Tonights group was good.

I felt bad that not very many people got to "check in" but that was mostly cause Faith talked about Assertiveness Training and asked us if we would like to do that as a part of DBT group. We all said yes (I'm not sure if it was a honest yes, or just people going along with what others were saying; that's kind of the down side of asking a group mostly made of BPD people) but I am excited about doing it both in my one on one and group therapy sessions. it means I will get a double dose and since it is staggered I will probably get things out of it the second time thru that I miss the first time.



I talked about how the holiday season has been hard for me to get thru this year in my check in tonight. for the better part of a decade I have had a structure to my holiday season. I knew what to expect. I knew that we would have some sort of short get together with my family around a week or two before Christmas, We would go look at Christmas lights at some point, Christmas eve would be at church somewhere, and Christmas day would be at Eva's moms house with her whole family (which is always a bit stressful for me until I just focus in on my few favorite people (which is Harper's little ones))

I am just having a hard time with the change. Realizing that the change is ultimately my fault. But I am also realizing that the change is very important and actually a good thing cause I am finally getting the help that I need to get. Finally have received a diagnosis that makes sense to me, and a therapist in Faith that makes me feel like I can actually have a "normal" life and I can overcome my disorder.

The "teaching" tonight (I use quotes cause its less teaching and more conversation) was great. it was about emotion regulation and how to acknowledge feelings and allowing ourselves to feel them, but also knowing when the feeling is not warranted, or getting out of hand. and ways to bring the emotion into check and to regulate the emotionality of the situation.

I still have some struggles with this, but I am getting better about it. I still am frustrated to the point of anger about the way that this house smells, and when Rob calls me into the other room to show me some stupid video on youtube about something i just don't fucking care about. but I know he is just trying to connect with me, and he is lonely.

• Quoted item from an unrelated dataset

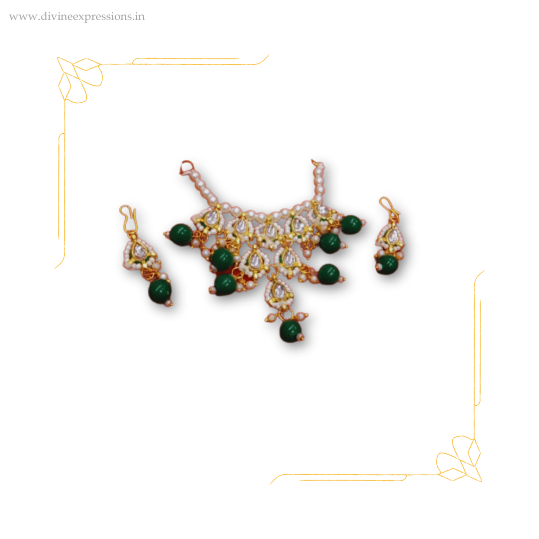 Introducing an enchanting Mala and Earring Set, meticulously crafted to add a touch of elegance and spirituality to your attire.

over all... I'm just in a foul mood, and I need to get my head right before I go to Christmas Eve Eve tomorrow night at church with Eva.

I love her so very much, and I am so excited to see her. She is so amazing, and wonderful. I'm so lucky to have someone who loves me so very much. Even if I don't know why, I know she does and I know that she is honest with me, and I can be honest with her. I am learning to be more honest about everything, and I will get better about it in time.